Christa Wolf spent six weeks in Oberlin as German Writer-in-Residence in spring 1974 and helped awaken my interest in GDR literature. Fortunately, she was accompanied by her husband Gerhard, a well-known literary scholar and editor with connections to many contemporary GDR authors and publishers. I spent a lot of time with the Wolfs that spring, and they introduced me to the GDR literary scene through carefully selected readings and instructive conversations that were truly fascinating. When I told the Wolfs that I would be taking a one-year sabbatical leave in 1975-1976, they encouraged me to think about doing a project on GDR writing in the 1970s and promised to assist me. During the course of our discussions, the outline of a possible project gradually emerged.
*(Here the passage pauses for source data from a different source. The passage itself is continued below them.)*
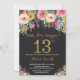 Floral Surprise 13th Birthday Invitation for Women. Watercolor Floral Flower. Black and Gold Glitter. Pink, Yellow, Orange, Purple Flower. Kids Birthday. For Girl Lady Teen Teenage. For further customisation, please click the "Customise it" button and use our design tool to modify this template.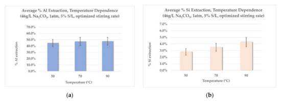 - Effect of temperature on Al and Si extraction: As seen from Figure 5a, the extraction rate of Al remains virtually unaffected in the range between 70 °C and 90 °C, while the increase observed with a temperature raise from 50 °C to 70 °C is small. Si extraction rates (Figure 5b) increase with an increase in leaching temperature. The choice of high leaching temperatures would make sense only if higher Al extraction could also be achieved to counterbalance this phenomenon. For this reason, a temperature of 70 °C was chosen for the next two series of experiments, as the middle-ground between acceptable Al extraction rates and corresponding low Si co-dissolution rates.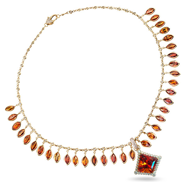 Featherette 18k yellow gold necklace with 30.32 cts. t.w. orange sapphires and 1.81 cts. t.w. diamonds, $26,400, 18k yellow gold Nova pendant with 16.54 ct. citrine and 0.74 ct. t.w. diamonds, $13,200; Erica Courtney; 323-938-2373; ericacourtney.com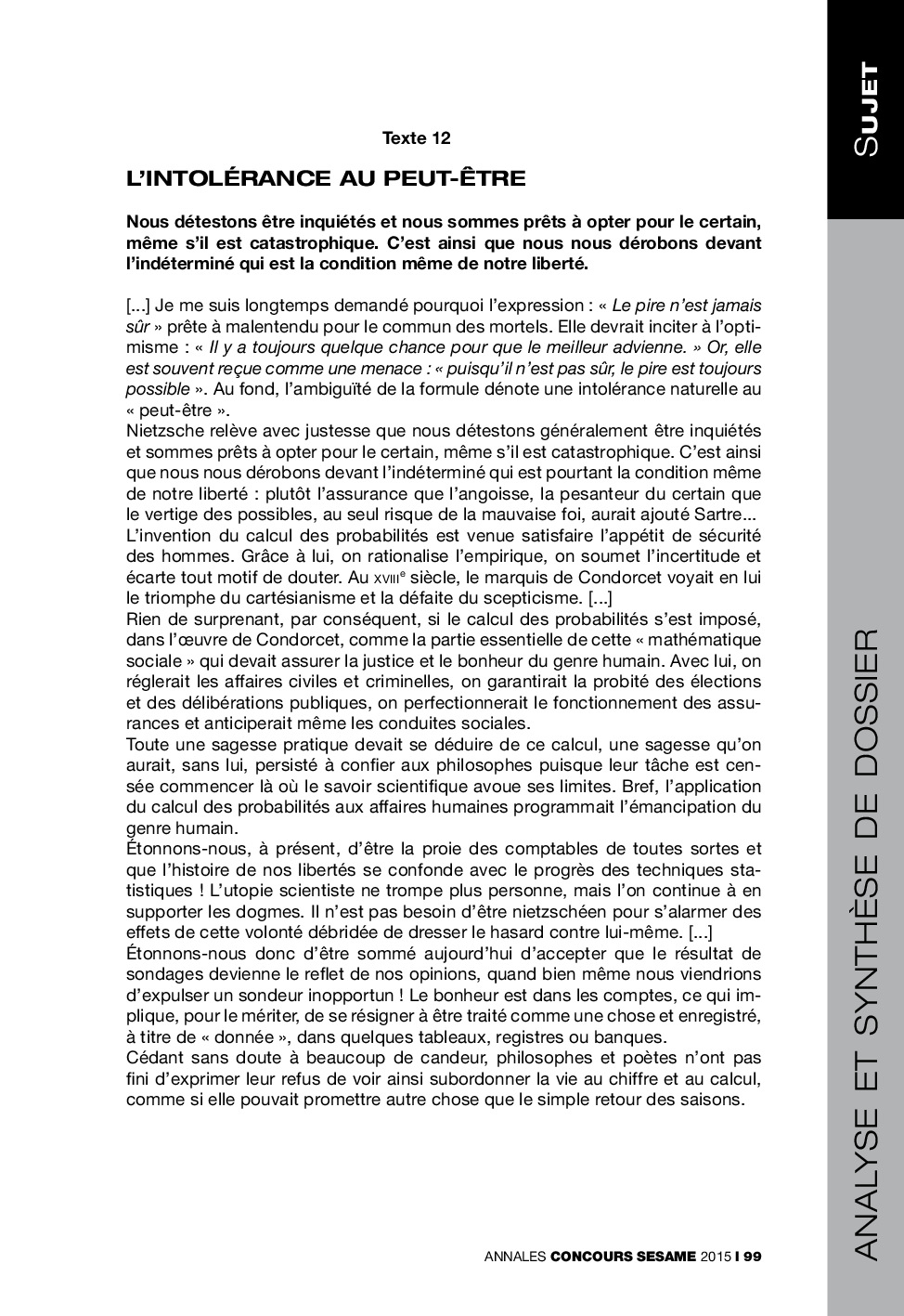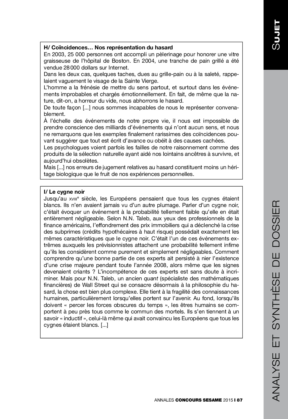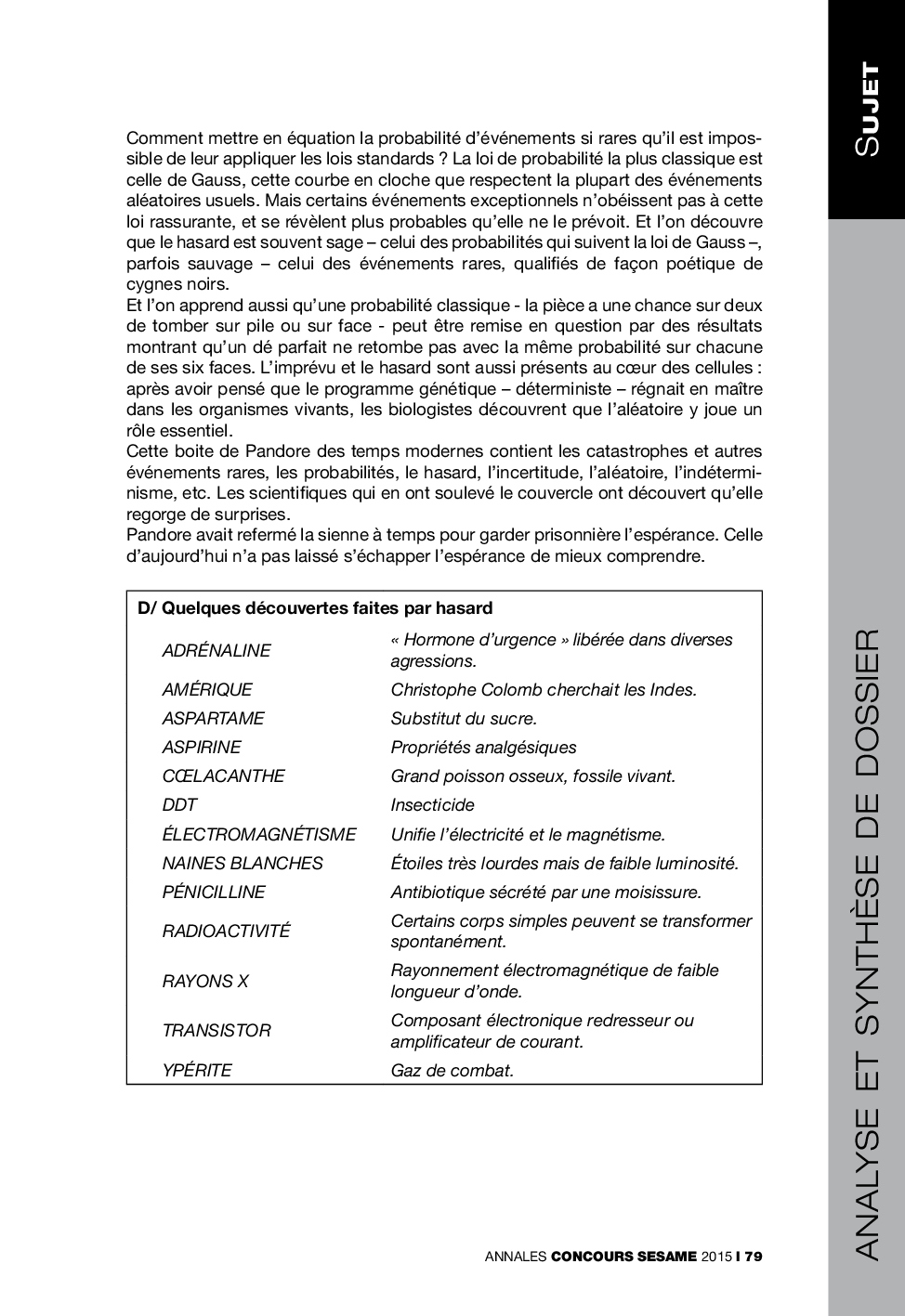 Concours SÉSAME 2015 - Analyse et synthèse de dossier (Dossier de textes)

The focus would be on new directions and trends in East German literature during the period of “thaw” that occurred shortly after Erich Honecker became leader of the Socialist Unity Party in 1971. My interactions with the Wolfs were invaluable and enabled me to build and expand on what I had learned during my two trips inside the GDR.

When Ulrich Plenzdorf came to Oberlin as visiting writer in spring of 1975, my informal education in the area of contemporary GDR literature continued. Uli Plenzdorf and I became good friends that semester, and he too helped me shape and finalize plans for my first research leave, a good portion of which I intended to spend in the GDR. I remain ever so grateful for the advice, assistance, and encouragement he gave me in the period leading up to my sabbatical leave. Like Christa and Gerhard Wolf the year before, he helped me develop and shape the project I proposed to undertake involving GDR writing and writers who were active in the 1970s. Moreover, when I was working on the project inside East Germany, he continued to assist me in meaningful ways, as did both of the Wolfs. In retrospect, I realize that I could not have produced an 840-page book like DDR-Literatur im Tauwetter (GDR Literature During the Thaw), nor most of my other major publications on East German literature, without the strong and unwavering support of Plenzdorf and the Wolfs. I am extremely indebted to them—but also to Lady Luck, for she guided them to Oberlin College at the perfect time!